What was it like, the experience of giving a guided tour?

It was very challenging for me, I'd never done anything like that before, so I think I was very focused, and really trying to do my best. And what helped me a lot is to see that people were following, even though they just met.

And I don't think they expected something that complex and that problematic, that troubling, but when it revealed itself as such, they didn't escape. They didn't just go somewhere to look at nice pictures, even though there are many nice pictures here to look at, if somebody wants that. But they stayed with the narrative, they even asked questions, for example, about EU-funded research that is focusing on pattern detection and things like that. We discussed drones, Assange.

So, I could see that what we are trying to say, this narrative that that exhibition shows, actually touches people emotionally. And that's, for me - as the activist and human rights lawyer - that's the key.

I see emotional reactions, and I see that they can actually link what we look at to their very personal experience; that they imagine what would it be like if they were in the situation that we're discussing, or experience it, like in the Assange room where people find themselves in this confinement, in this weird room, which is a prison effectively, without a judgement, without any reason to be so. So, what I really liked is both the seriousness of this - that people didn't escape that - and the real emotions that I could see in faces and in reactions.

Were there any things that you sensed were more interesting to the audience?

I think that the pattern detection, understanding how it really works, how the machines see without understanding, this is really powerful.

I mean really confronting people with the lack of objectivity, the lack of foundation; it's all some kind of narrative built by those who perceive threats in a certain way, who perceive the world as dangerous, and they want us to believe so, and then they adjust how the machines work and what they detect. And this kind of tension is very helpful in our work.

Also the historical examples, like the one taken from the medical histories of women who were working as typists, and it was used to - I guess - increase their work efficiency, without their knowledge - it's not quantified self, it's quantified worker.
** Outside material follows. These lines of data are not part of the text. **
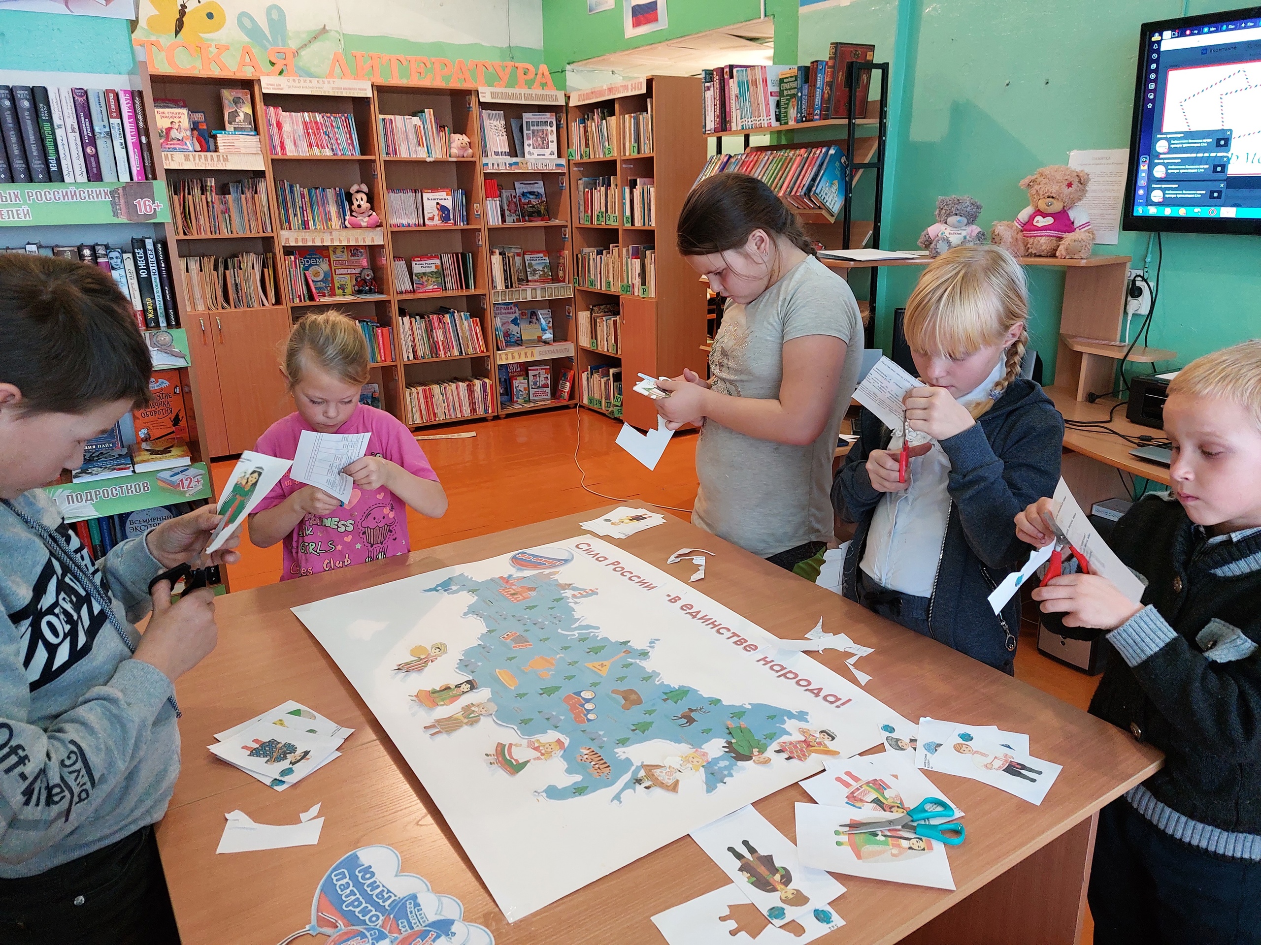 Завершился тематический день творческой мастерской, где школьники создали плакат-коллаж «Единый народ-единая страна».
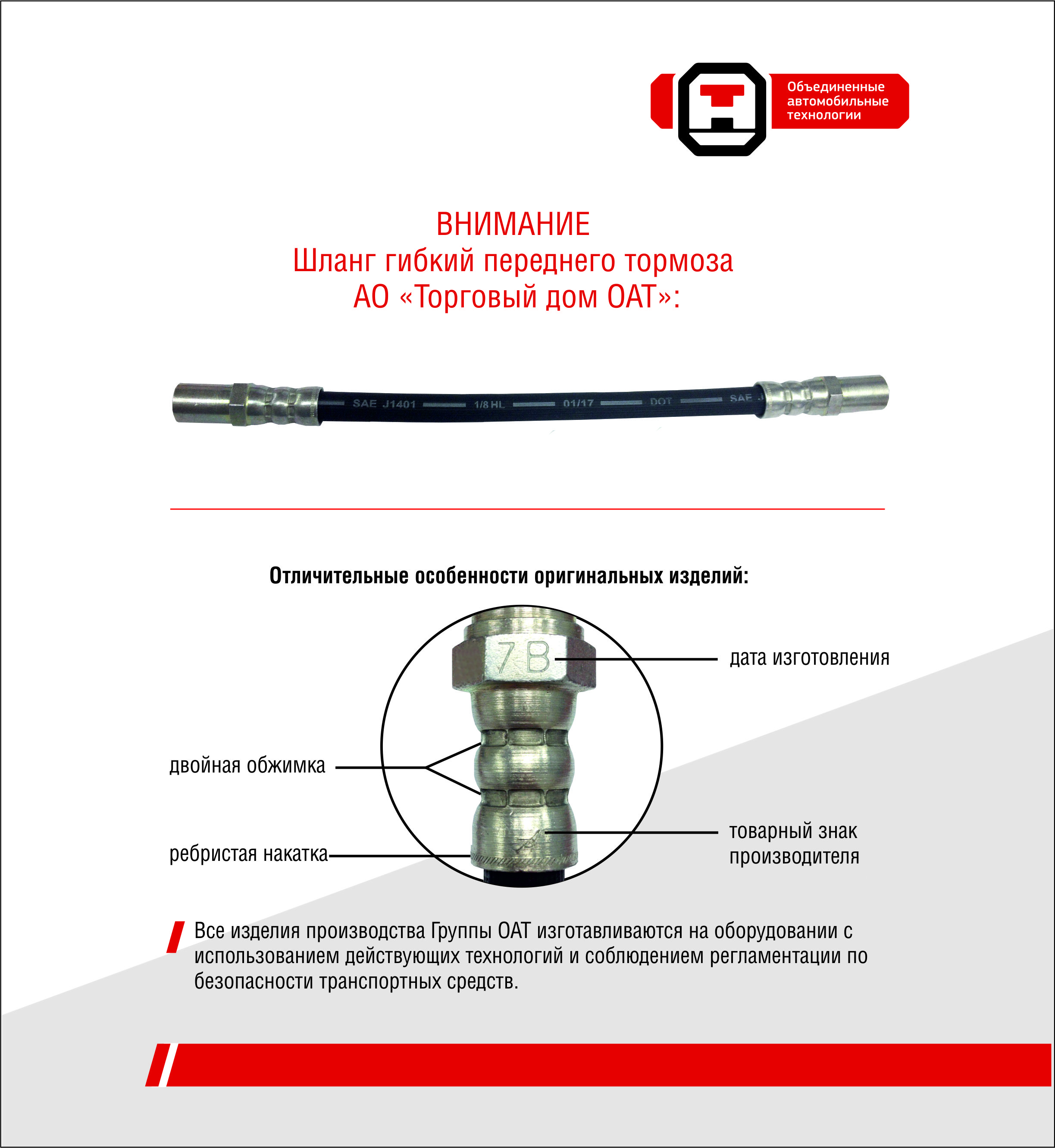 Отличительные особенности изделия "Шланг гибкий переднего тормоза":
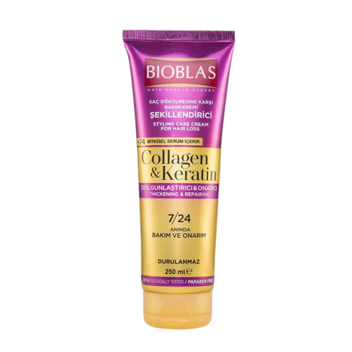 کرم موی بیوبلاس حاوی کلاژن و کراتین حجم ۲۵۰ میل اورجینال | تقویتکننده و ضدریزش برای انواع مو
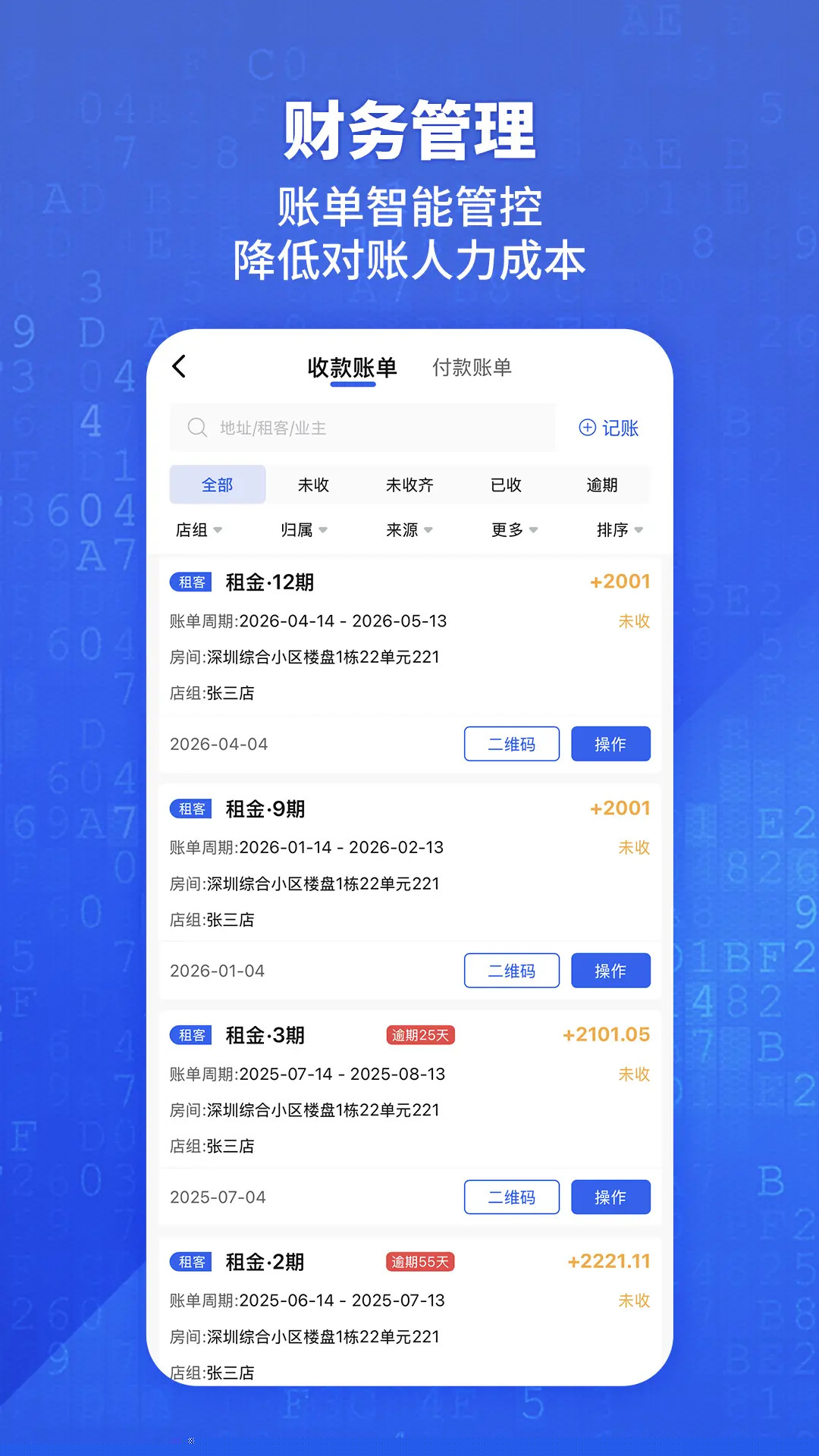发布后可在租务模块查看租客信息、合同状态及租金支付记录,系统会自动发送租金到期提醒。
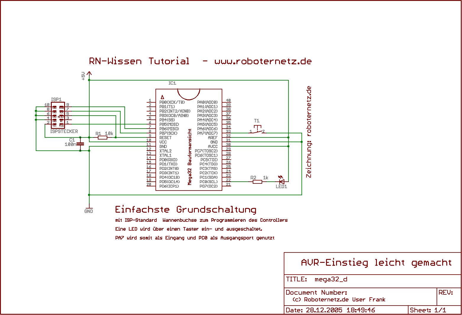 Hi, habe folgendes Anfängerproblem. Zum programmieren nehme ich das STK500 mit einem Mega32. Beim tasten auf PA7 soll eine LED an PC0 geschaltet werden. Das Programm funktioniert auf dem STK500 ohne Probleme aber wollte nun das ganze auch auf einem Steckbrett probieren ohne die ISP Schnittstelle. Dies schaut dann so aus (nur ohne die ISP Schnittstlle) http://www.rn-wissen.de/images/3/3c/Avrtutorial_grundschaltung_mittaster.gif Bei der Schaltung oben flackert die LED unkontrolliert und der Taster hat überhaupt keinen einfluss. Was mache ich falsch? Hab ich iwas vergessen? Danke im Voraus für eure Hilfe. Gruß Sascha
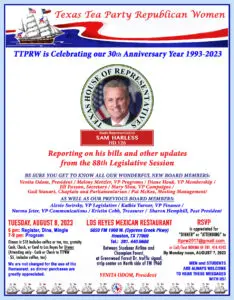 Texas Tea Party Republican Women Featuring State Rep. Sam Harless HD 126 Contact: [email protected] Norma 281.414.4243 + Add to Google Calendar + iCal / Outlook export Date Aug 08 2023 Expired! Time 6:00 pm - 9:00 pm Location Los Reyes Mexican Restaurant 05050 FM 1960 West Share this event
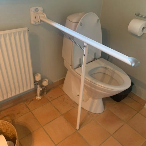 Fastmonteret toiletstøtte med ben.
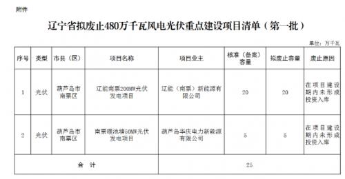 遼寧省發(fā)展改革委關(guān)于對(duì)全省480萬(wàn)千瓦風(fēng)電光伏重點(diǎn)建設(shè)項(xiàng)目未按期建成并網(wǎng)規(guī)模指標(biāo)(第一批)擬廢止的公示
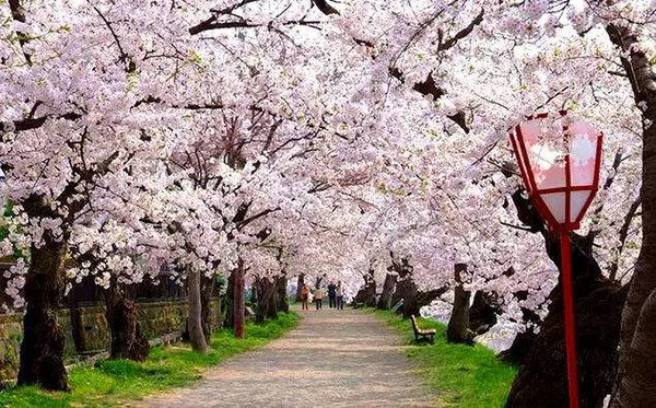 网上转发很火的一张河道铺满樱花的照片,就是青森的弘前公园外的护城运河。有近3000棵染井吉野樱、近1500棵里樱,甚至还有500棵左右的枝垂樱。当樱花花瓣纷纷扬扬地落在河面上,整条河流便成了一条粉色的花道。铺天盖地的粉色包围着赏樱的人们,真是无比浪漫与幸福的享受。
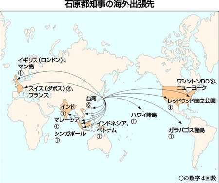 石原都知事の海外出張は、費用面でもけた違いです。資料が入手できた十五回分で総額二億四千四百万円、招待による相手側の一部負担があった四回を除くと、一回あたり二千万円使った計算です。
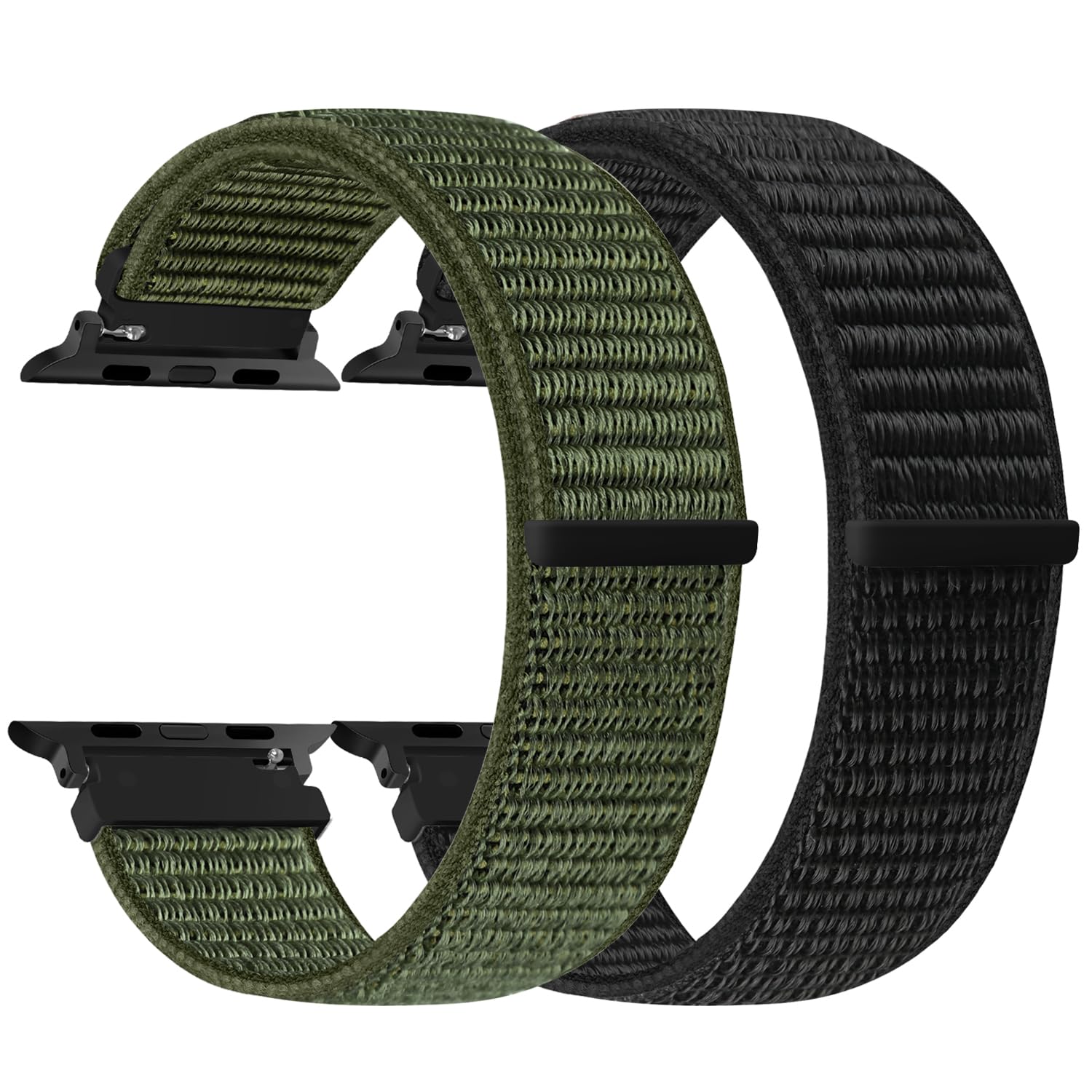 Nylon Armband Kompatibel mit Apple Watch Armband 49mm 46mm 45mm 44mm 42mm 41mm 40mm 38mm Damen Herren, 2 Stück Ersatz Sport Uhrenarmband für iWatch Series 11 10 9 8 7 6 5 4 3 2 1 SE Ultra 3/2/1 Dunkel Schwarz+Marinegrün 44mm/45mm/46mm/49mm/42mm(Series 3 2
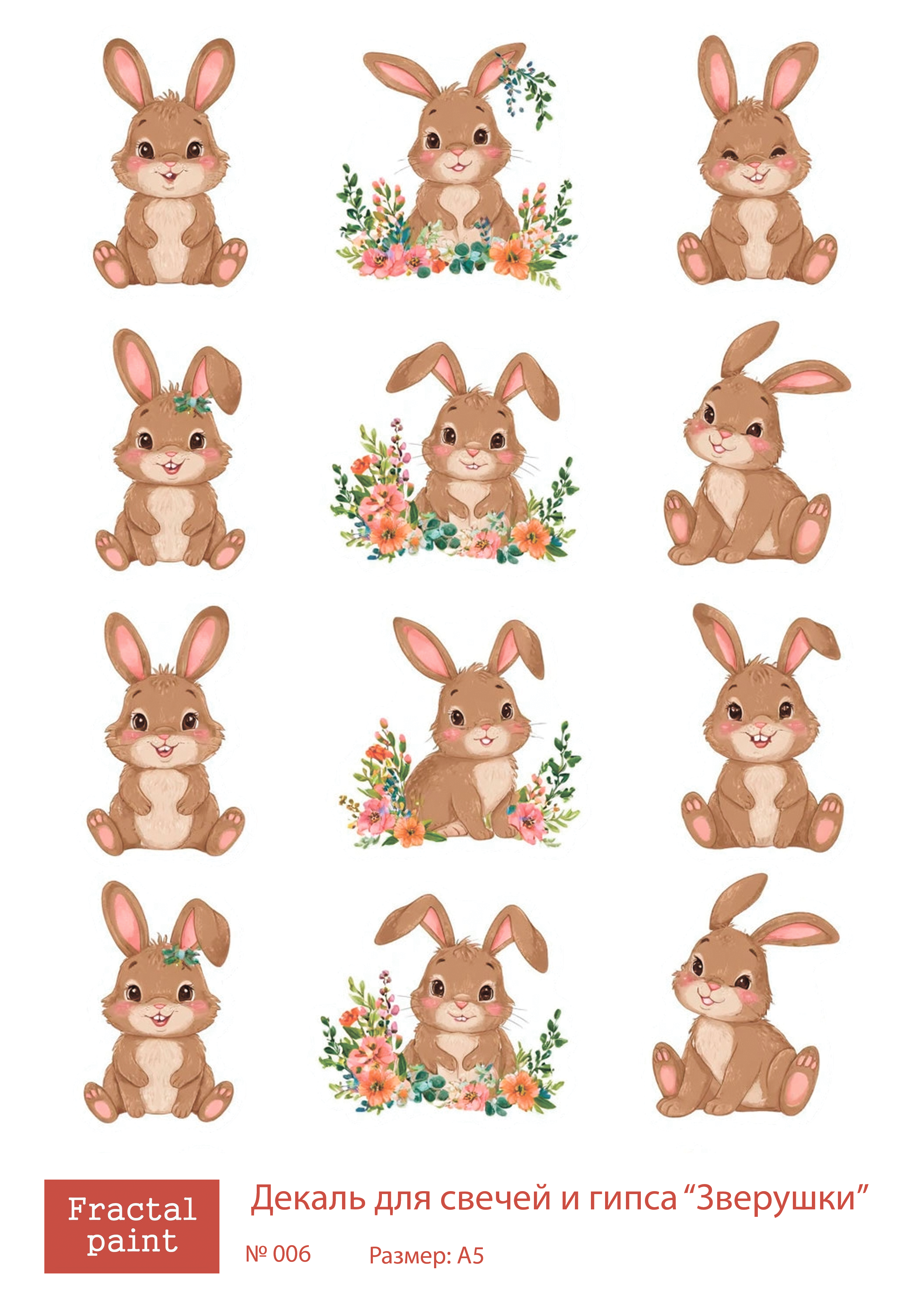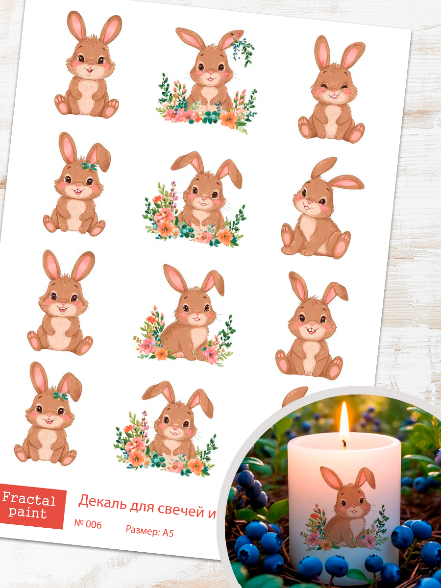 Трансфер переводной - декаль для свечей и гипса зверушки 006 А5
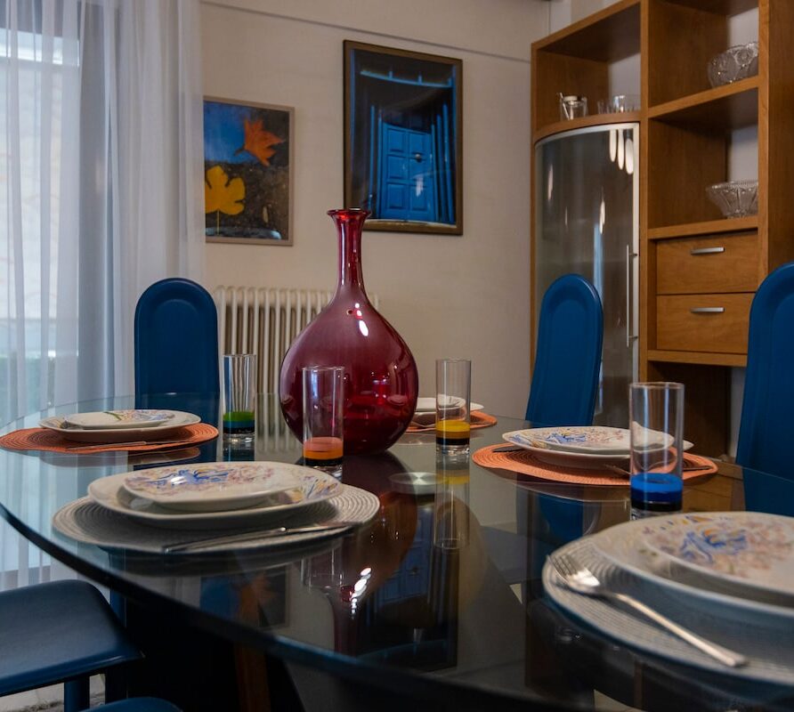 - Amenities: Air Conditioning, Bed Linens, Blender, Board Games, Body Soap, Cleaning Before Checkout, Cleaning Products, Clothes Drying Rack, Coffee, Coffee Maker, Conditioner, Cooking Basics, Dining Table, Dishes and Silverware, Elevator, Essentials, Fire Extinguisher, First Aid Kit, Freezer, Hair Dryer, Hangers, Heating, Hot Water, Hot Water Kettle, Iron, Kitchen, Laptop-Friendly Workspace, Long-Term Stays Allowed, Microwave, Mosquito Net, Nespresso machine, Outdoor Seating, Oven, Patio, Patio or Balcony, Private living room, Refrigerator, Room-Darkening Shades, Shampoo, Shower Gel, Smoke Detector, Stove, Street Parking, Toaster, TV, Wardrobe or Closet, Washer, Wine Glasses, Wireless Internet

And now we use similar kind of data analysis to feel healthier, to work faster, to feel that we manage ourselves better.

So, linking contemporary, sometimes very innocent, narratives back to experiments from the past might be very helpful in showing how that can change again, and how very quickly we may find ourselves subjected to these forms of oppression or power that we've already seen in the past; with IBM's punch card system and the Holocaust, for example [one of the triangluations in the exhibition mentions Herman Hollerith’s tabulator that enabled the targeting of European Jews - leading to confiscation of their property, ghettoization, deportation, enslaved labor, and, ultimately, annihilation]. So these kinds of examples that we have here on display, I think they can be very helpful, by showing the extremes to which it can go.

How would you recommend visiting this exhibition?

Well, come and experience it by touching, by looking at things, by feeling, and by talking to people who are here about how data can gain very real life, and can affect your life or other's lives in a very troubling way.